PROBLEM TO WORK ON: Leave the pictures out and quote every line from the start of the listing to the line with "Menhaden fishermen handle", inclusive.

DATA TO USE:
--- START ---

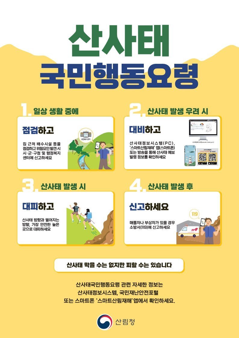 [PEDIEN] 홍성군은 해빙기를 맞아 얼어 있던 지반이 녹으면서 발생할 수 있는 산사태 위험에 선제적으로 대응하기 위해 오는 4월 10일까지 산사태취약지역 121개소를 대상으로 현장 점검을 실시한다.이번 점검은 정기 안전관리의 일환으로 취약지역과 대피소의 관리 실태를 종합적으로 확인하기 위해 추진되며 군은 산사태 업무 담당자와 민간 전문가, 산림재난대응단 등 총 46명으로 점검반을 구성해 현지 확인과 육안 검사를 진행한다.주요 점검 사항으로는 비탈면 유실 및 낙석 발생 여부, 예방시설물의 균열 훼손 상태, 배수시설 기능 유지 실태 등이다.이와 함께 산사태취약지역과 대피소의 관리 상태, 연락체계 구축 현황, 사방지 내 행위제한사항 위반 여부도 함께 점검한다.아울러 산사태취약지역 내 거주민과 인근 주민을 대상으로 산사태 국민 행동 요령을 홍보해 비상 상황 발생 시 신속한 대피가 이루어질 수 있도록 할 계획이다.점검 결과 경미한 사항은 현장에서 즉시 조치하고 산사태 발생 우려가 높은 구간은 정밀점검을 거쳐 보수 보강 등 필요한 조치를 순차적으로 추진한다.이선경 산림녹지과장은 “해빙기에는 지반이 약해지면서 산사태 위험이 높아질 수 있다”며 “철저한 점검과 예방 활동으로 군민의 생명과 재산 보호에 최선을 다하겠다”고 밝혔다.
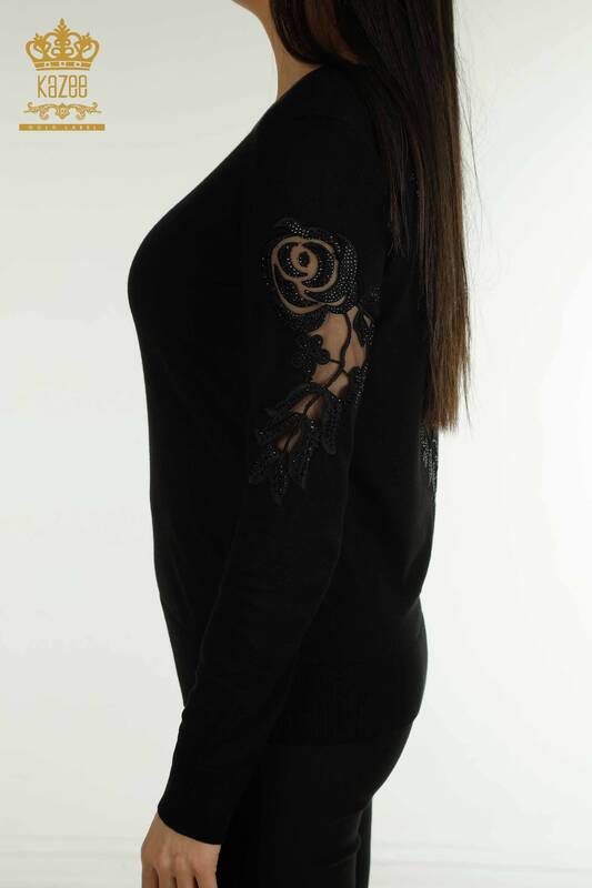 Toptan Kadın Triko Kazak Kol Gül Detaylı Siyah - 15374 | KAZEE
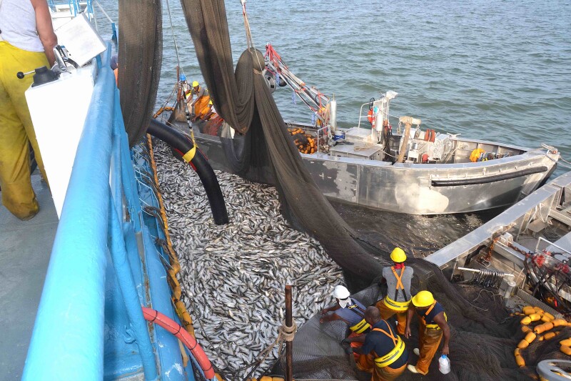 Menhaden fishermen handle a purse seine full of fish in Chesapeake Bay. A bill before the Virginia House of Delegates is recommending a three year study of Atlantic Menhaden in Virginia waters. Larry Chowning photo.
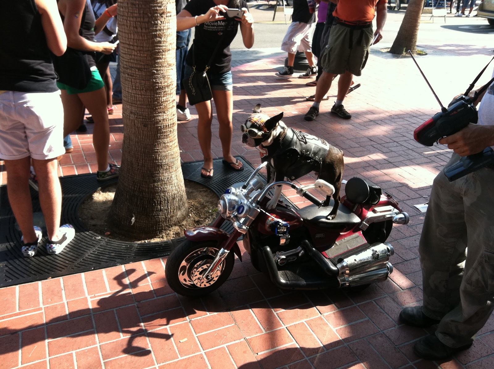 "What the fuck, Charlie Huston?"Before long, it was time to return to L.A. I made it to the train station early... only to learn that Comic-Con Con-gestion had snarled up the schedules something fierce, so my 8:20 train turned into a 9:30 train, depositing me back at Union Station just after midnight. You know, I really should have tried to hitch a ride back with that dog on the mini-hog.
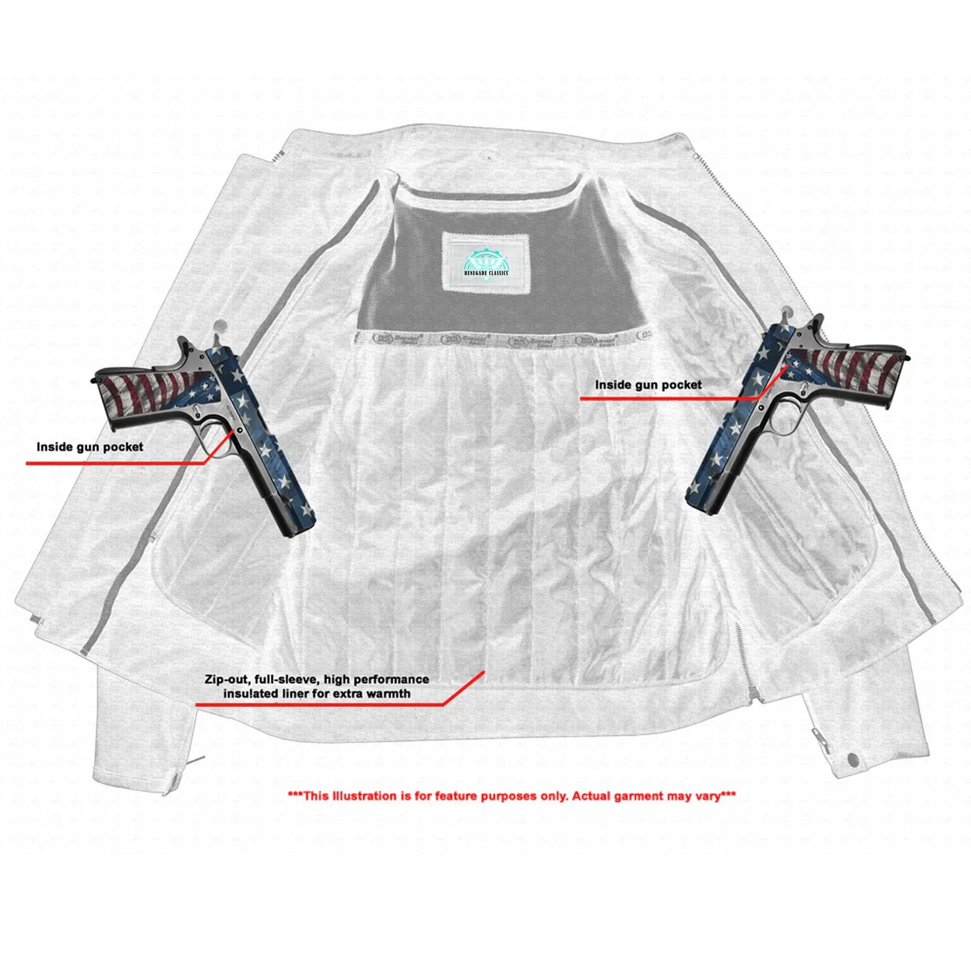 - Two hidden pockets made of heavy-duty textile with built-in holsters and snap closures.

--- END ---

RESULT OF THE EXERCISE:
 [PEDIEN] 홍성군은 해빙기를 맞아 얼어 있던 지반이 녹으면서 발생할 수 있는 산사태 위험에 선제적으로 대응하기 위해 오는 4월 10일까지 산사태취약지역 121개소를 대상으로 현장 점검을 실시한다.이번 점검은 정기 안전관리의 일환으로 취약지역과 대피소의 관리 실태를 종합적으로 확인하기 위해 추진되며 군은 산사태 업무 담당자와 민간 전문가, 산림재난대응단 등 총 46명으로 점검반을 구성해 현지 확인과 육안 검사를 진행한다.주요 점검 사항으로는 비탈면 유실 및 낙석 발생 여부, 예방시설물의 균열 훼손 상태, 배수시설 기능 유지 실태 등이다.이와 함께 산사태취약지역과 대피소의 관리 상태, 연락체계 구축 현황, 사방지 내 행위제한사항 위반 여부도 함께 점검한다.아울러 산사태취약지역 내 거주민과 인근 주민을 대상으로 산사태 국민 행동 요령을 홍보해 비상 상황 발생 시 신속한 대피가 이루어질 수 있도록 할 계획이다.점검 결과 경미한 사항은 현장에서 즉시 조치하고 산사태 발생 우려가 높은 구간은 정밀점검을 거쳐 보수 보강 등 필요한 조치를 순차적으로 추진한다.이선경 산림녹지과장은 “해빙기에는 지반이 약해지면서 산사태 위험이 높아질 수 있다”며 “철저한 점검과 예방 활동으로 군민의 생명과 재산 보호에 최선을 다하겠다”고 밝혔다.
 Toptan Kadın Triko Kazak Kol Gül Detaylı Siyah - 15374 | KAZEE
 Menhaden fishermen handle a purse seine full of fish in Chesapeake Bay. A bill before the Virginia House of Delegates is recommending a three year study of Atlantic Menhaden in Virginia waters. Larry Chowning photo.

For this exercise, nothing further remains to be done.